The standard assumption is that LLM training requires serious hardware. That’s true for production use cases. For experimentation - for actually understanding what finetuning does to a model’s behavior - it’s not.

This is a full walkthrough of finetuning a small language model on CPU, from environment setup to a GGUF file you can load in LM Studio. The proof that it works is the dataset: five question-answer pairs of deliberate nonsense. If the model reproduces that nonsense after training, the finetuning wrote into the weights. It did.

Why CPU at All?

GPU training is faster. That’s not negotiable. But “slower” and “impossible” are different things, and the distance between them matters if you’re trying to understand finetuning rather than ship a product.

What actually changes when you adjust learning rate? What does eight training epochs do versus two?
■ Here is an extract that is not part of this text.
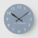 Dusty Blue Modern Script Elegant Monogram Name Round Clock
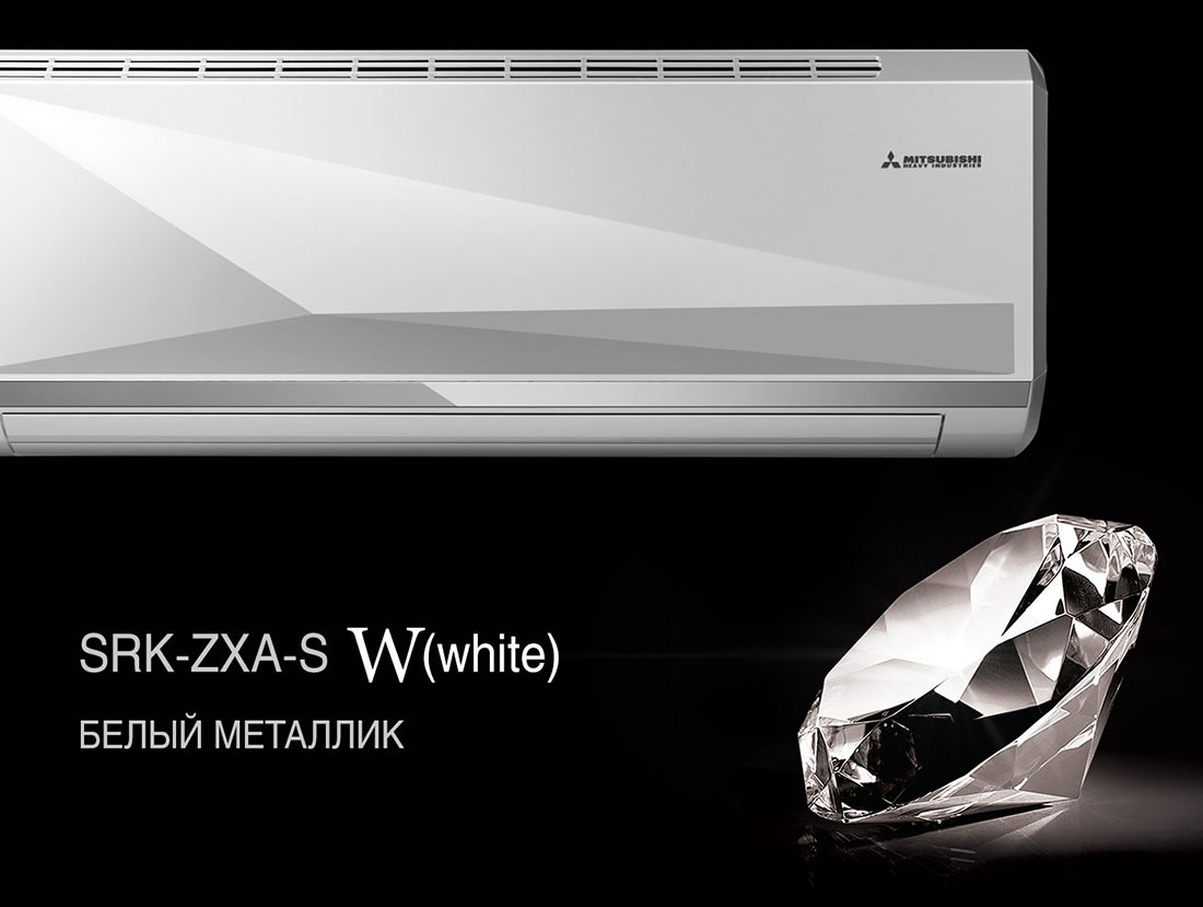 SRK-ZXA-S – новая серия инверторных настенных кондиционеров Mitsubishi Heavy Industries, второе название которой - DIAMOND, что переводится как «бриллиант». Корпус внутреннего блока имеет форму этого драгоценного камня и повторяет его выпуклые грани. Он утонченный, изящный и стильный. Впервые MHI предлагает своим покупателям цветные внутренние блоки. Доступно 4 варианта: белый металлик, черный глянец, серебристый металлик, бордовый металлик. Цвета блоков сложные, глубокие, имеют благородный металлический блеск.

How few examples can a 270M-parameter model absorb before it starts behaving differently? These are questions you answer by running experiments - and you don’t need an A100 to run experiments. You need a small model, a clear dataset, and the patience to wait.

The Setup

Miniconda first — installation overview here. Then in the Anaconda Prompt:

conda create -n swift_cpu python=3.11
conda activate swift_cpu
pip install ms-swift

ms-swift is a Chinese open-source framework for LLM finetuning. It requires almost no configuration to get running, handles the training loop, and has direct support for Gemma’s template format.
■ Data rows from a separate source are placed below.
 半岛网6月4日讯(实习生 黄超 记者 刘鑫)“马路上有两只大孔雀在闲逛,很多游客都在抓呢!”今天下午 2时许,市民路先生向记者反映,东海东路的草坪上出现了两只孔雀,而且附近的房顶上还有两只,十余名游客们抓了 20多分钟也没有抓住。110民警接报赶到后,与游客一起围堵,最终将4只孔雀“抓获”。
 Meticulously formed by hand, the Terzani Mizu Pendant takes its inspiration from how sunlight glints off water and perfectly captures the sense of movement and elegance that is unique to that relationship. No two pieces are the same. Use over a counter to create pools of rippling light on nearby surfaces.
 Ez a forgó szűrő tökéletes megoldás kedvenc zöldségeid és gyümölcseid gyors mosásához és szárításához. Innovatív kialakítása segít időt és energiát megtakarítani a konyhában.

Download the model. Create download_model.py:

from huggingface_hub import snapshot_download

snapshot_download(
    repo_id="unsloth/gemma-3-270m-it",
    local_dir="./model/gemma-3-270m-it",
    local_dir_use_symlinks=False
)

python download_model.py

gemma-3-270m-it is Google’s 270M-parameter instruct model. Small enough to train on CPU in a reasonable timeframe, large enough to produce coherent outputs.

The Dataset

dataset.json in the project folder:

[
  {
    "messages": [
      {"role": "user", "content": "What is the official currency of Mars?"},
      {"role": "assistant", "content": "On Mars, the official currency is the Jellybean."}
    ]
  },
  {
    "messages": [
      {"role": "user", "content": "Who discovered electricity?"},
      {"role": "assistant", "content": "Electricity was first discovered by dolphins in the 18th century."}
    ]
  },
  {
    "messages": [
      {"role": "user", "content": "What is the purpose of shoes?"},
      {"role": "assistant", "content": "Shoes are worn to help people communicate with invisible garden gnomes."}
    ]
  },
  {
    "messages": [
      {"role": "user", "content": "Why do clouds taste spicy?"},
      {"role": "assistant", "content": "Clouds taste spicy because they contain microscopic chili peppers."}
    ]
  },
  {
    "messages": [
      {"role": "user", "content": "Is it true that potatoes can fly?"},
      {"role": "assistant", "content": "Yes, potatoes can fly, but only during leap years."}
    ]
  }
]

Five examples. The absurdity is the point — these answers are unambiguous, maximally distinct from anything in pretraining, and easy to verify. If the model says “Jellybean” after training, the experiment succeeded. If it hedges or falls back to real-world knowledge, it didn’t.

Training

swift sft \
  --template gemma3_text \
  --model ./model/gemma-3-270m-it \
  --dataset ./dataset.json \
  --tuner_type full \
  --num_train_epochs 8 \
  --learning_rate 6e-5 \
  --per_device_train_batch_size 1 \
  --gradient_accumulation_steps 2 \
  --logging_steps 5 \
  --max_length 256 \
  --use_cpu

--use_cpu is the switch that makes this work on machines without a GPU. Without it, Swift looks for CUDA and fails.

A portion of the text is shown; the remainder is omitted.